En tête du cortège était porté le Saint-Sacrement, suivi par le clergé. Puis venait la grande croix-reliquaire de la cathédrale, portée par les Franciscains et suivie par les hommes. Les Dominicains portaient la Vierge miraculeuse, qui était suivie par les femmes. Ces exemples montrent que lorsque la procession est organisée par le Magistrat, la participation de tout un chacun relève d’une obligation civique et non d’un acte de dévotion personnel. La procession, c’est aussi la communauté en marche dans un ordre exprimant sa hiérarchie. La place occupée par les corporations dans la procession est révélatrice de leur rang. Si d’une année à l’autre, l’une d’entre elles se retrouve reléguée plus loin du Saint-Sacrement, il s’agit d’une atteinte grave à son honneur. C’est pour avoir perdu leur place dans la procession du Saint-Sacrement en 1495 que les compagnons boulangers de Colmar entament une grève qui durera dix ans.

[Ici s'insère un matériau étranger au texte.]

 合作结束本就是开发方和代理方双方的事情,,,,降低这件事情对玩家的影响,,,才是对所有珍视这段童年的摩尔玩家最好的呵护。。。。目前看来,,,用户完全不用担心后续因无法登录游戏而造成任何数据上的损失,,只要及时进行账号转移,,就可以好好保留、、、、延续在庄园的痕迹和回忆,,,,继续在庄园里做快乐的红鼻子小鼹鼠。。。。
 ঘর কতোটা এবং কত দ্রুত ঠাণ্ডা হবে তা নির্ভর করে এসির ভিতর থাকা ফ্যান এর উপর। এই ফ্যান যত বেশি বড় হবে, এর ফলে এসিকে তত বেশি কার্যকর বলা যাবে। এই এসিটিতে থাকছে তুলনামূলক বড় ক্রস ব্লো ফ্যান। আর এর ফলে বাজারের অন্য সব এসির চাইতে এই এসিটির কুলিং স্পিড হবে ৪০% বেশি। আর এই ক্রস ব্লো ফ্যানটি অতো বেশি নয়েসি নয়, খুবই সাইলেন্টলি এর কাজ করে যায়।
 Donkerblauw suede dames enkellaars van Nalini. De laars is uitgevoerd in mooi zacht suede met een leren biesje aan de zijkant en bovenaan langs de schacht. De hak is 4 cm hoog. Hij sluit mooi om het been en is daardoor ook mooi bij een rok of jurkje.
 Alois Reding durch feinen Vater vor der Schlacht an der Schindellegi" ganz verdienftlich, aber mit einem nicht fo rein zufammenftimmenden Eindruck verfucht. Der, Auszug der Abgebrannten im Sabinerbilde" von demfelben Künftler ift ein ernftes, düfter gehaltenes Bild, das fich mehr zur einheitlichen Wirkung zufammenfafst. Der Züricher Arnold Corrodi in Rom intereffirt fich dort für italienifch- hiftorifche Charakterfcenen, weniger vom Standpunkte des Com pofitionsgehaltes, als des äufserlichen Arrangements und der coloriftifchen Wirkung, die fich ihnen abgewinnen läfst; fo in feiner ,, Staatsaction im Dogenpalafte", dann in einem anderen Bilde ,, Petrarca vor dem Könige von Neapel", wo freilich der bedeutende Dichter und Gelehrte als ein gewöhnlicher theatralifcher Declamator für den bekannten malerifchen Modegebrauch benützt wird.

Lors de l’introduction de la Réforme, les processions sont abolies. Ainsi, en 1534, le Magistrat de Strasbourg a fait « fermer la paroisse de Saint-Étienne pour faire cesser les processions qu’on faisait au sépulcre de sainte Attale » (AVES AA 2580). Lors de la réintroduction du catholicisme à partir de 1681, une série de prescriptions impose aux protestants une attitude de déférence lors du passage du Saint-Sacrement. Certaines processions donnent lieu à des excès contre les protestants, brutalisés ou contraints de s’agenouiller : les doléances du Convent ecclésiastique, l’organe de direction de l’Église luthérienne de Strasbourg, sont nombreuses à ce sujet. Mais il arrive aussi que le passage d’une procession dans un village protestant suscite des moqueries, qui peuvent conduire à des bagarres.